Yesterday was my last day as a full-time VALOR. And boy did I get a lesson in patience and saying "no."
So my patient assignment was a 63 y/o gentleman...a C4-5 Incomplete Tetraplegic. He was admitted to our Spinal Cord unit from Fresno VA for would care. Apparently we have a great SC unit and it's known for its wound care program. Well on the 13th he came to our unit with hypotension (SBPs in the 50s), altered mental status changes, and possible sepsis. Over the course of the the last couple days he's been intubated, extubated, RE-intubated, extubated, r/o for TB and aspergillus, so of course put in respiratory iso and then taken off.

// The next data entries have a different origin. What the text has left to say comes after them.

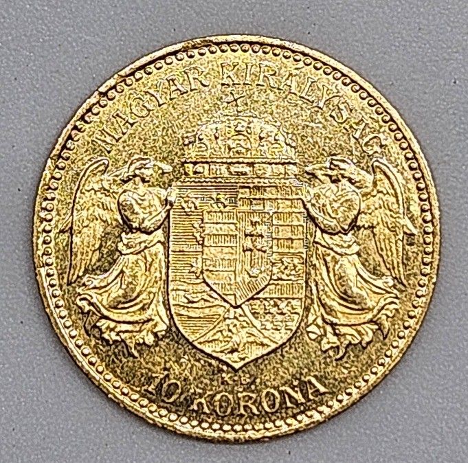 10 Koruna 1908 K.B. Kremnica Uherská ražba - Au/Zlato 900/1000, 19mm, 3,387g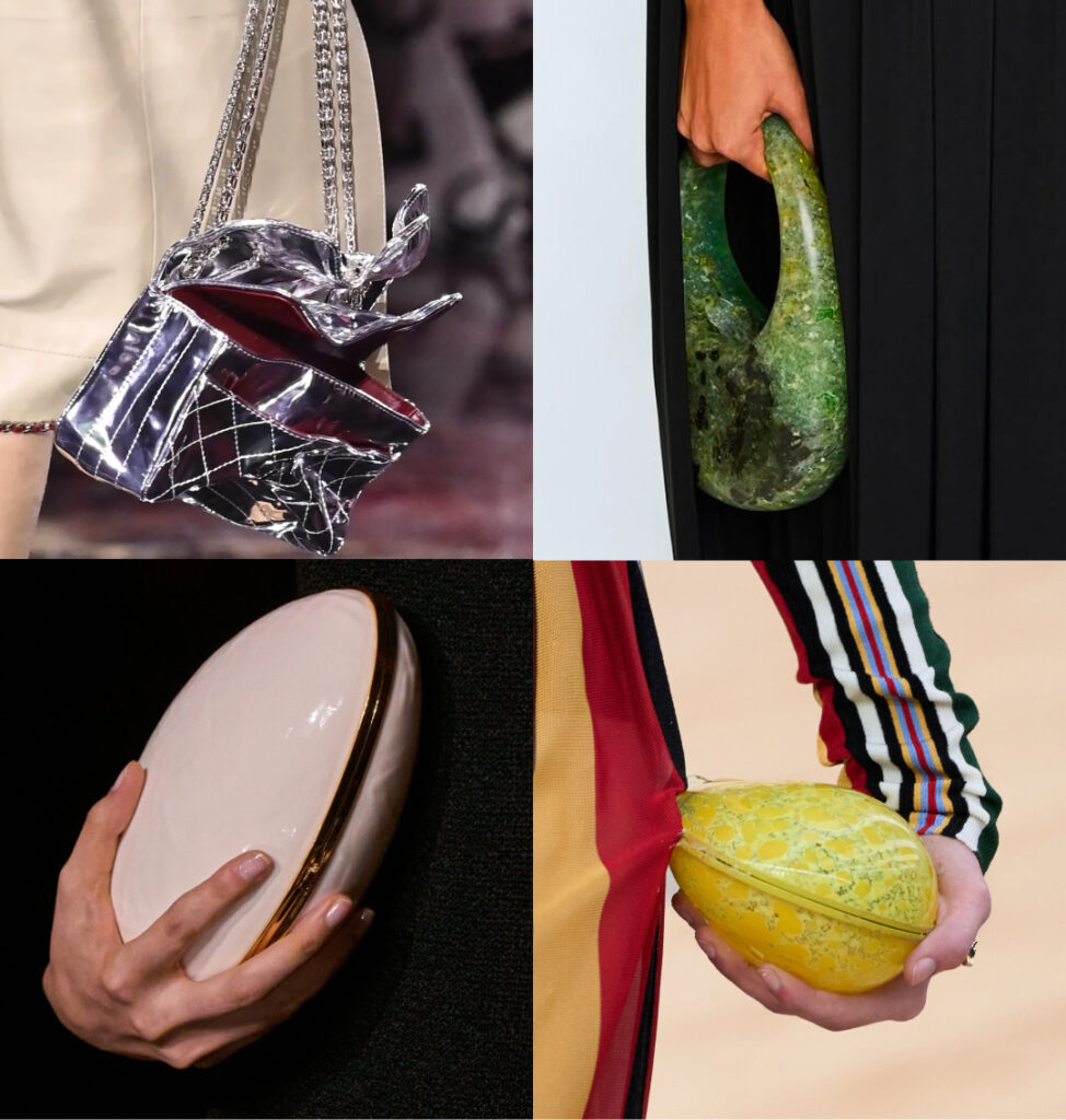 Окрема тенденція — сумки, що виглядають як об’єкти мистецтва: гладкі кам’яні форми, литі металеві контури, міні-скульптури. Це напрямок, що набирає обертів і створює нову категорію statement-аксесуарів.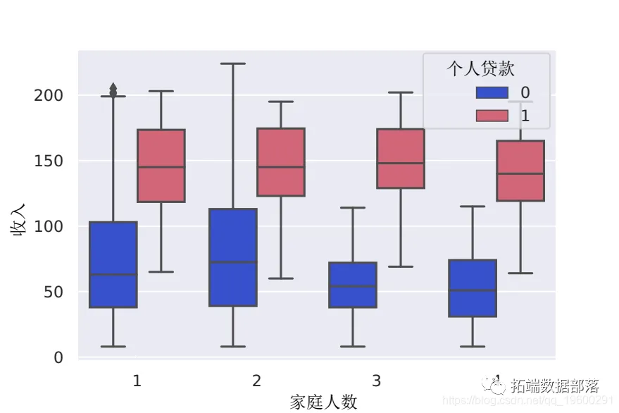 观察 :看来教育程度为1的客户收入更高。但是,接受了个人贷款的客户的收入水平相同

So I picked him up yesterday. My preceptor gave me some lovely insight before I started. There are two types of spinal cord patients.
1. Completely independent and only need help for activities depending on their level of injury. Can be demanding at times and feel they know better than you. Can be assholes.
2. Completely dependent and need help for pretty much everything. Won't try to do anything on their own and love the fact they now have a nurse to do it for them. Can be demanding at times and feel they know better than you. Can be assholes.
I had the second type of patient. Literally, I wanted to slit my throat. It was 12 hours of constant "Scratch my nose, give me ice chips, I want water, stretch my arm, I'm in pain, shave me, when are you going to shave me, can you shave me now?" There's more, but my headache is coming back just thinking about it.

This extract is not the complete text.